# Red Devil Scraper



## Ole34 (Jan 24, 2011)

*Putty Knives*

found this at an estate sale today...........post what ever cool ones you have


----------



## TJ Paint (Jun 18, 2009)

looks more like a puddy knife


----------



## Ole34 (Jan 24, 2011)

TJ Paint said:


> looks more like a puddy knife


 

''appears'' to be a puddy knife but its labeled a scrapper :blink:


----------



## Workaholic (Apr 17, 2007)

That thing has probably got a lot of lead traces all over it, send it to me so I can contain it.


----------



## daArch (Mar 15, 2008)

Didn't Elaine Benes wield a devilish Puddy knife ?


----------



## PressurePros (May 6, 2007)

Red Devil is another name I remember seeing all over my house as a kid.


----------



## plainpainter (Nov 6, 2007)

Red Devil lye is a product I remember as a kid.


----------



## Wolfgang (Nov 16, 2008)

Ole34 said:


> ''appears'' to be a puddy knife but its labeled a scrapper :blink:


The metal reinforcement coming down the sides of the blade stiffens it - so it's a scraper.

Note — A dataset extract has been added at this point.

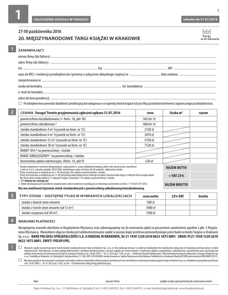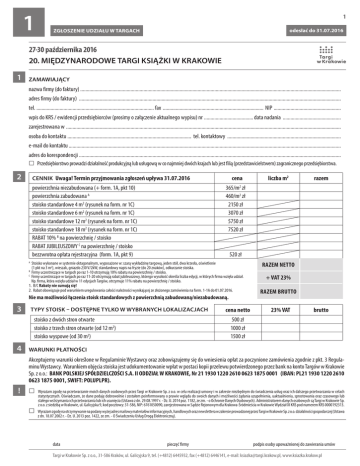 1 1 odesłać do 31.07.2016 ZGŁOSZENIE UDZIAŁU W TARGACH 27-30 października 2016 20. MIĘDZYNARODOWE TARGI KSIĄŻKI W KRAKOWIE 1 ZAMAWIAJĄCY nazwa firmy (do faktury) ........................................................................................................................................................................................................... adres firmy (do faktury) ............................................................................................................................................................................................................ tel. ............................................................................................ fax ............................................................................... NIP ..................................................... wpis do KRS / ewidencji przedsiębiorców (prosimy o załączenie aktualnego wypisu) nr ....................................... data nadania ............................................. zarejestrowana w ...................................................................................................................................................................................................................... osoba do kontaktu ................................................................................................. tel. kontaktowy ......................................................................................... e-mail do kontaktu ................................................................................................................................................................................................................... adres do korespondencji ............................................................................................................................................................................................................ ££ Przedsiębiorstwo prowadzi działalność produkcyjną lub usługową w co najmniej dwóch krajach lub jest filią (przedstawicielstwem) zagranicznego przedsiębiorstwa. 2 CENNIK Uwaga! Termin przyjmowania zgłoszeń upływa 31.07.2016 powierzchnia niezabudowana (+ form. 1A, pkt 10) powierzchnia zabudowana A stoisko standardowe 4 m2 (rysunek na form. nr 1C) stoisko standardowe 6 m2 (rysunek na form. nr 1C) stoisko standardowe 12 m2 (rysunek na form. nr 1C) stoisko standardowe 18 m2 (rysunek na form. nr 1C) RABAT 10% B na powierzchnię / stoisko RABAT JUBILEUSZOWY C na powierzchnię / stoisko bezzwrotna opłata rejestracyjna (form. 1A, pkt 9) cena liczba m2 razem 365/m zł 460/m2 zł 2150 zł 3070 zł 5750 zł 7520 zł 2 520 zł Stoisko wykonane w systemie oktagonalnym, wyposażone w: szarą wykładzinę targową, jeden stół, dwa krzesła, oświetlenie (1 pkt na 3 m2), wieszak, gniazdo 230 V/2kW, standardowy napis na fryzie (do 20 znaków), odkurzanie stoiska. Firmy uczestniczące w targach po raz 1-10 otrzymują 10% rabatu na powierzchnię / stoisko. C Firmy uczestniczące w targach po raz 11-20 otrzymują rabat jubileuszowy, którego wysokość określa liczba edycji, w których firma wzięła udział. Np. firma, która wzięła udział w 11 edycjach Targów, otrzymuje 11% rabatu na powierzchnię / stoisko. 1. B/C Rabaty nie sumują się! 2. Rabat obowiązuje pod warunkiem uregulowania całości należności wynikającej ze złożonego zamówienia na form. 1-1A do 01.07.2016. A RAZEM NETTO B Nie ma możliwości łączenia stoisk standardowych z powierzchnią zabudowaną/niezabudowaną. 3 TYPY STOISK – DOSTĘPNE TYLKO W WYBRANYCH LOKALIZACJACH stoisko z dwóch stron otwarte stoisko z trzech stron otwarte (od 12 m2) stoisko wyspowe (od 30 m2) 4 cena netto + VAT 23% RAZEM BRUTTO 23% VAT brutto 500 zł 1000 zł 1500 zł WARUNKI PŁATNOŚCI Akceptujemy warunki określone w Regulaminie Wystawcy oraz zobowiązujemy się do wniesienia opłat za poczynione zamówienia zgodnie z pkt. 3 Regulaminu Wystawcy. Warunkiem objęcia stoiska jest udokumentowanie wpłat w postaci kopii przelewu potwierdzonego przez bank na konto Targów w Krakowie Sp. z o.o.: BANK POLSKIEJ SPÓŁDZIELCZOŚCI S.A. II ODDZIAŁ W KRAKOWIE, Nr 21 1930 1220 2610 0623 1875 0001 (IBAN: PL21 1930 1220 2610 0623 1875 0001, SWIFT: POLUPLPR). ! ££ Wyrażam zgodę na przetwarzanie moich danych osobowych przez Targi w Krakowie Sp. z o.o. w celu realizacji umowy i w zakresie niezbędnym do świadczenia usług oraz ich dalszego przetwarzania w celach ££ statystycznych. Oświadczam, że dane podaję dobrowolnie i zostałem poinformowany o prawie wglądu do swoich danych i możliwości żądania uzupełnienia, uaktualnienia, sprostowania oraz czasowego lub stałego wstrzymania ich przetwarzania lub ich usunięcia (Ustawa z dn. 29.08.1997 r. - Dz. U. 2014 poz. 1182, ze zm. - o Ochronie Danych Osobowych). Administratorem danych osobowych są Targi w Krakowie Sp. z o.o. z siedzibą w Krakowie, ul. Galicyjska 9, kod pocztowy: 31-586, NIP: 6761050090, zarejestrowana w Sądzie Rejonowym dla Krakowa-Śródmieścia w Krakowie Wydział XI KRS pod numerem KRS 0000192313. Wyrażam zgodę na otrzymywanie na podany wyżej adres mailowy materiałów informacyjnych, handlowych oraz newslettera w zakresie prowadzonej przez Targi w Krakowie Sp. z o.o. działalności gospodarczej (Ustawa z dn. 18.07.2002 r. - Dz. U. 2013 poz. 1422, ze zm. - O Świadczeniu Usług Drogą Elektroniczną). data pieczęć firmy podpis osoby upoważnionej do zawierania umów Targi w Krakowie Sp. z o.o., 31-586 Kraków, ul. Galicyjska 9, tel. (+4812) 6445932, fax (+4812) 6446141, e-mail: [email protected], www.ksiazka.krakow.pl 1A 2 odesłać do 31.07.2016 ZGŁOSZENIE UDZIAŁU W TARGACH 27-30 października 2016 20. MIĘDZYNARODOWE TARGI KSIĄŻKI W KRAKOWIE nazwa firmy ....................................................................................................................................................................................... 5 NAPIS NA

You guys find these "old" tools....and I remember buying some of them new. Have quite a collection of "old" stuff.


----------



## TJ Paint (Jun 18, 2009)

Oh look, i got a stiffy too...


----------



## Sully (May 25, 2011)

I've always heard red devil spraypaint was the shiz nit back in the day for a graffiti artist.. :whistling2:


----------